<<<<
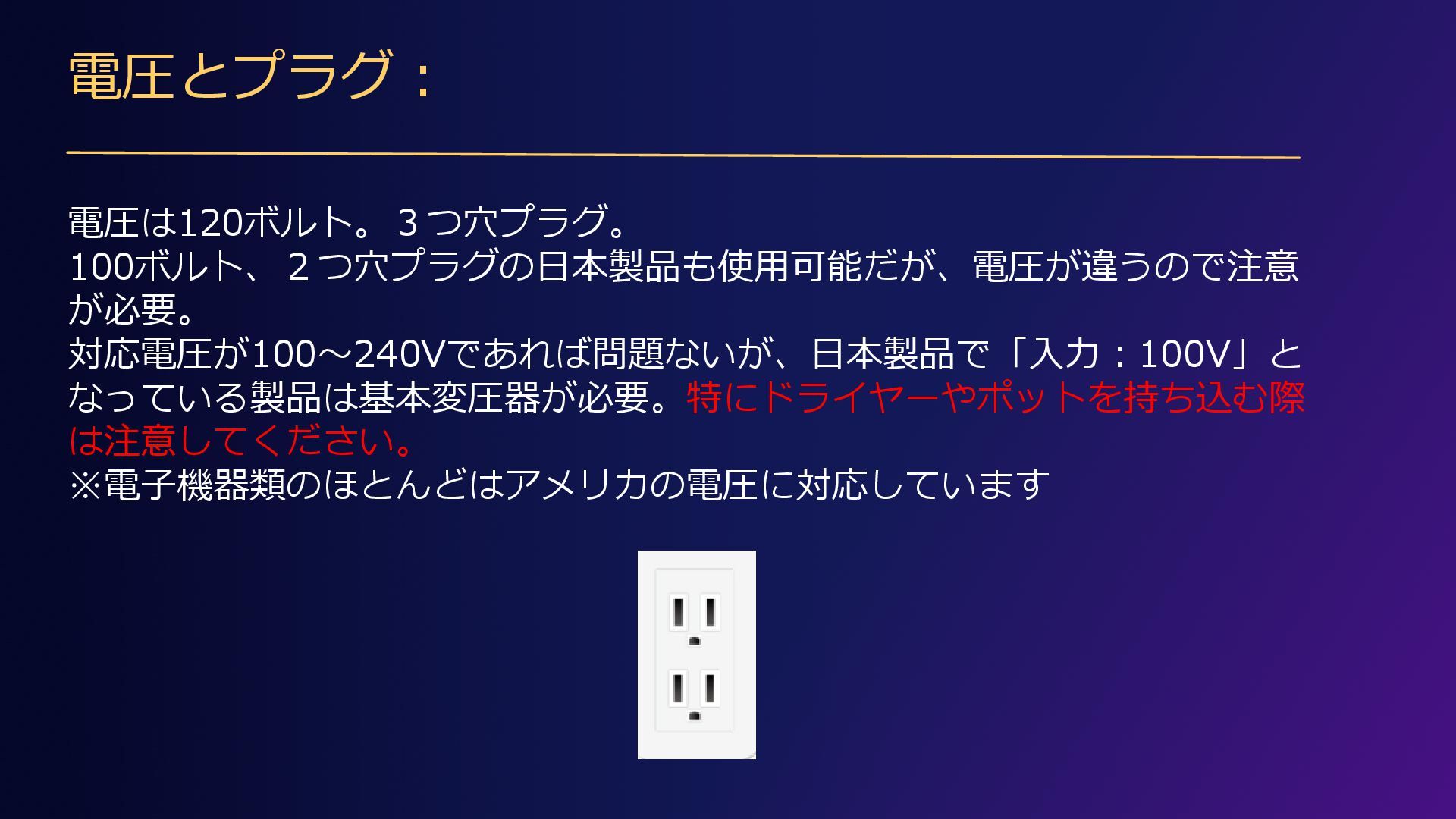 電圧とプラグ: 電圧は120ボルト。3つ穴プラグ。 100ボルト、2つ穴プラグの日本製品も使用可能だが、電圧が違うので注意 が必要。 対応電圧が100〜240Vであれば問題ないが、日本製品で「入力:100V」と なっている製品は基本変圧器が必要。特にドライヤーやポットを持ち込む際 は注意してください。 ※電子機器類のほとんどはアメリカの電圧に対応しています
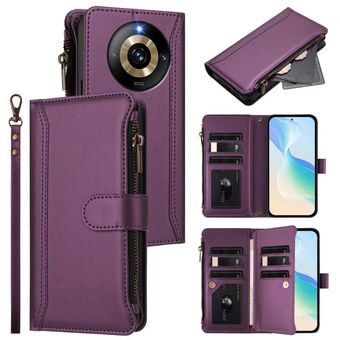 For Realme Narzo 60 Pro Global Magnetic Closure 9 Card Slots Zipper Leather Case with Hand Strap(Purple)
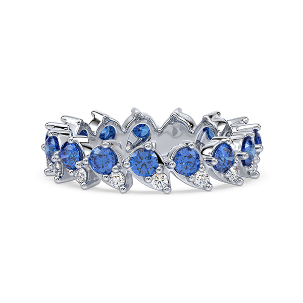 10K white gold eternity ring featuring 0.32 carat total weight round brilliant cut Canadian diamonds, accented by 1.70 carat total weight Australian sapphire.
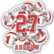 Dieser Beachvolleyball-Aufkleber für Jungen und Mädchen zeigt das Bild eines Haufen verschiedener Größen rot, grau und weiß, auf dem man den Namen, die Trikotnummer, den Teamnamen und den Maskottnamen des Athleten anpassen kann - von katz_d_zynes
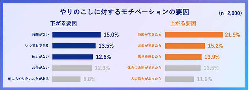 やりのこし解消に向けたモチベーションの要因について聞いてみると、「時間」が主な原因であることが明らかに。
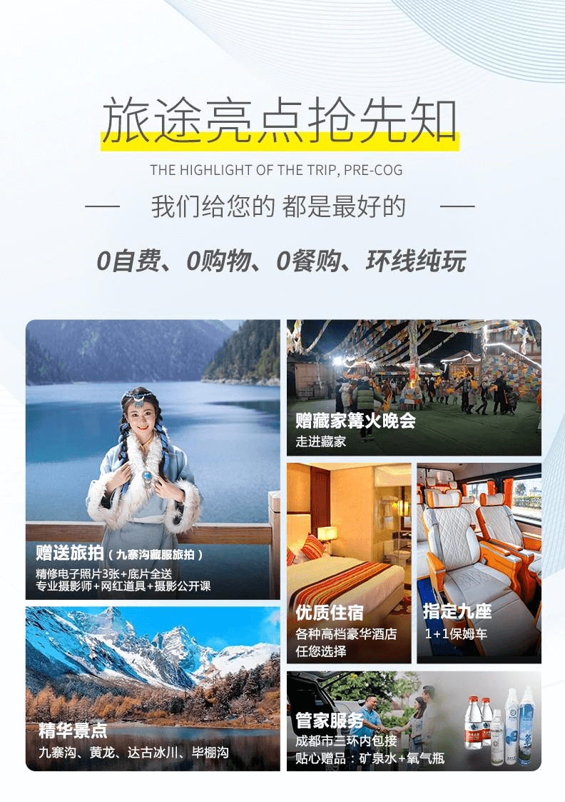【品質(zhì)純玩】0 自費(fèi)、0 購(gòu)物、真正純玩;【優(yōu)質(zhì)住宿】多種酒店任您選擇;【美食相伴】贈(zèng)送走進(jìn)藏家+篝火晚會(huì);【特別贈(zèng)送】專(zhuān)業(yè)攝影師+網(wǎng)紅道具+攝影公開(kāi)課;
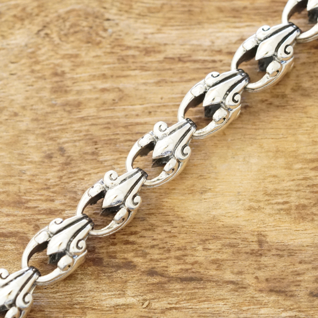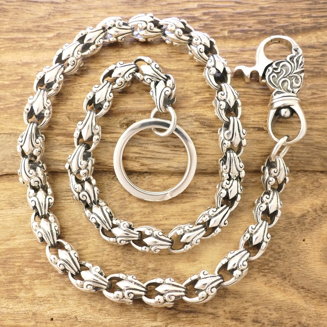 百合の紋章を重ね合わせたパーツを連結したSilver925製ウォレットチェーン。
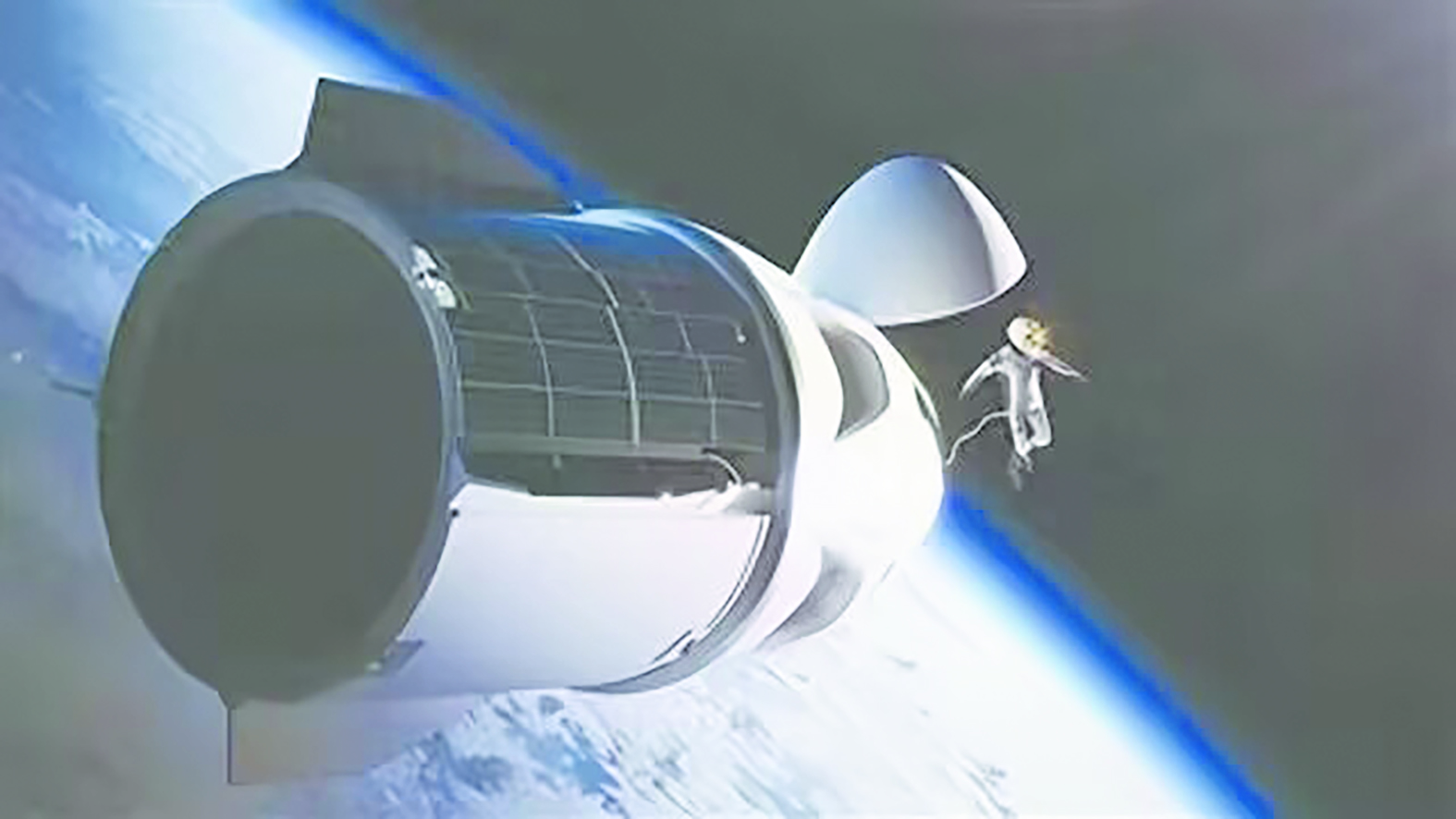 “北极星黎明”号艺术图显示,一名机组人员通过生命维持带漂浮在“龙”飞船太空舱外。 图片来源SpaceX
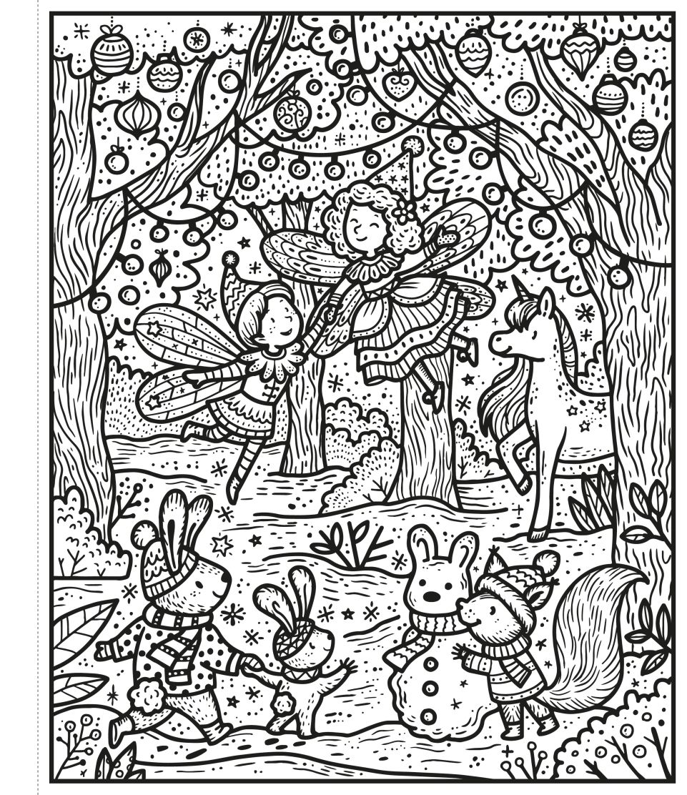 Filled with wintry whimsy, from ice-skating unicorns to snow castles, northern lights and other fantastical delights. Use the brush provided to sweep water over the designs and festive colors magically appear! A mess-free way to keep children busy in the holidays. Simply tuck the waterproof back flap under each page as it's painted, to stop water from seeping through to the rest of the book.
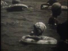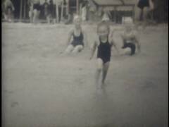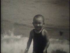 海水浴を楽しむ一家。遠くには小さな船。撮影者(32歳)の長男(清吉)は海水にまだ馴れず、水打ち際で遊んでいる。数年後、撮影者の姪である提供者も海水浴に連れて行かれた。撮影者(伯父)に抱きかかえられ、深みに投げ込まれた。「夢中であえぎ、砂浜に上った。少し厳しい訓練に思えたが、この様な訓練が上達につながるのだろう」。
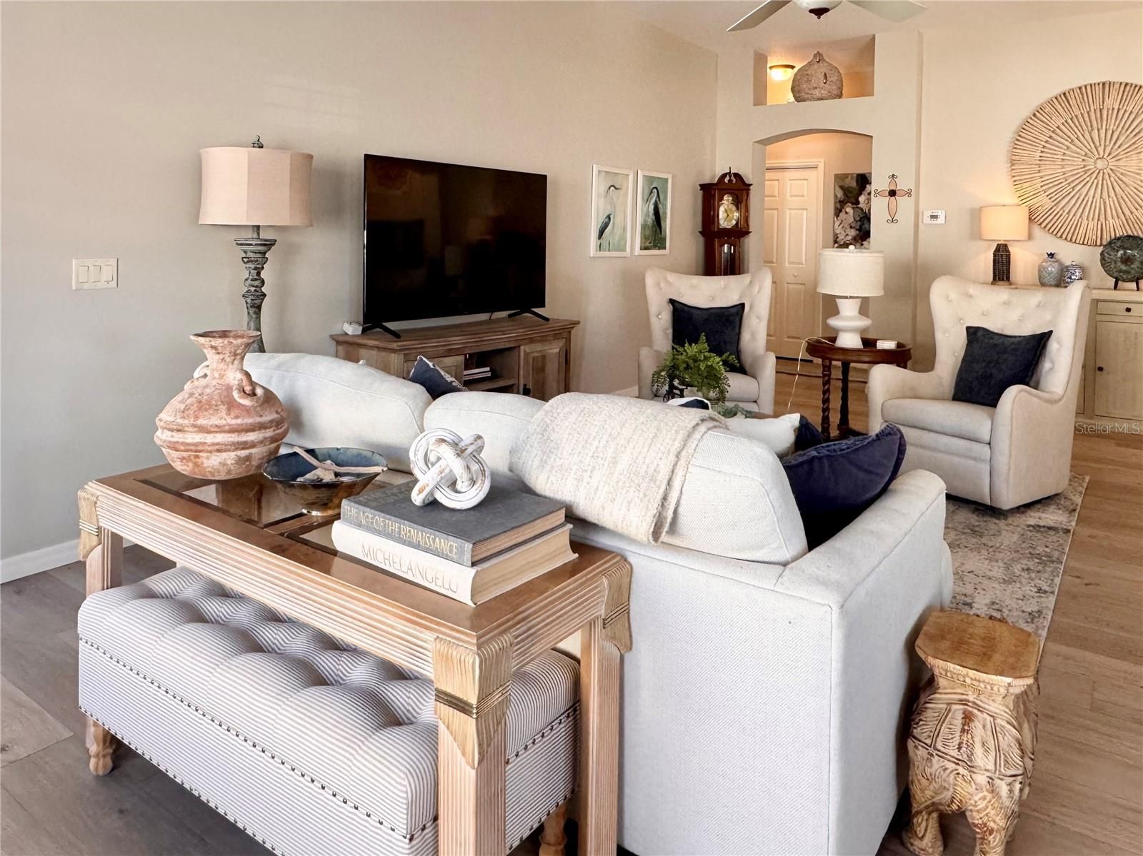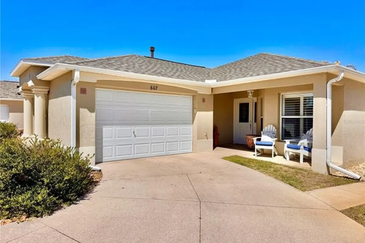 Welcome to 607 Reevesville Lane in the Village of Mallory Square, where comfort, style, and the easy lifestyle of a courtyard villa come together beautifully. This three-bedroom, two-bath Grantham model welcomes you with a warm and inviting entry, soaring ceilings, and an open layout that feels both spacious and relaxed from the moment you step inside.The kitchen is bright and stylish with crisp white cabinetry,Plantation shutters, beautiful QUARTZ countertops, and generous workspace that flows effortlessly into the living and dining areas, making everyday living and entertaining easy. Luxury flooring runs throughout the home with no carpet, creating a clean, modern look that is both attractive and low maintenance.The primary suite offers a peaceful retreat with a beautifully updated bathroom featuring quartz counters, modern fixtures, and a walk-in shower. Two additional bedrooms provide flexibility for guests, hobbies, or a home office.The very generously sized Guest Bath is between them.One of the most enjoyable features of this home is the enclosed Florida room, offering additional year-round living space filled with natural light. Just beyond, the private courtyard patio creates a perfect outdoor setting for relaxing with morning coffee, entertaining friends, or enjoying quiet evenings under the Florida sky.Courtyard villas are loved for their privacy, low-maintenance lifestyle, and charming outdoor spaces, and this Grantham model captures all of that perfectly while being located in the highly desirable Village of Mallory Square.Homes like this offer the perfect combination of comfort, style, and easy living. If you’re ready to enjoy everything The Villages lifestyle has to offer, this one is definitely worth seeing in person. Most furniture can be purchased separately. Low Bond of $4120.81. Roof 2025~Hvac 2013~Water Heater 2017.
>>>>
EXERCISE INSTRUCTIONS: Using the records above, return verbatim only the part that opens with the line containing "百合の紋章を重ね合わせたパー" and closes with the line containing "海水浴を楽しむ一家。遠くには"; pictures stay out.

TASK SOLUTION:
 百合の紋章を重ね合わせたパーツを連結したSilver925製ウォレットチェーン。
 “北极星黎明”号艺术图显示,一名机组人员通过生命维持带漂浮在“龙”飞船太空舱外。 图片来源SpaceX
 Filled with wintry whimsy, from ice-skating unicorns to snow castles, northern lights and other fantastical delights. Use the brush provided to sweep water over the designs and festive colors magically appear! A mess-free way to keep children busy in the holidays. Simply tuck the waterproof back flap under each page as it's painted, to stop water from seeping through to the rest of the book.
 海水浴を楽しむ一家。遠くには小さな船。撮影者(32歳)の長男(清吉)は海水にまだ馴れず、水打ち際で遊んでいる。数年後、撮影者の姪である提供者も海水浴に連れて行かれた。撮影者(伯父)に抱きかかえられ、深みに投げ込まれた。「夢中であえぎ、砂浜に上った。少し厳しい訓練に思えたが、この様な訓練が上達につながるのだろう」。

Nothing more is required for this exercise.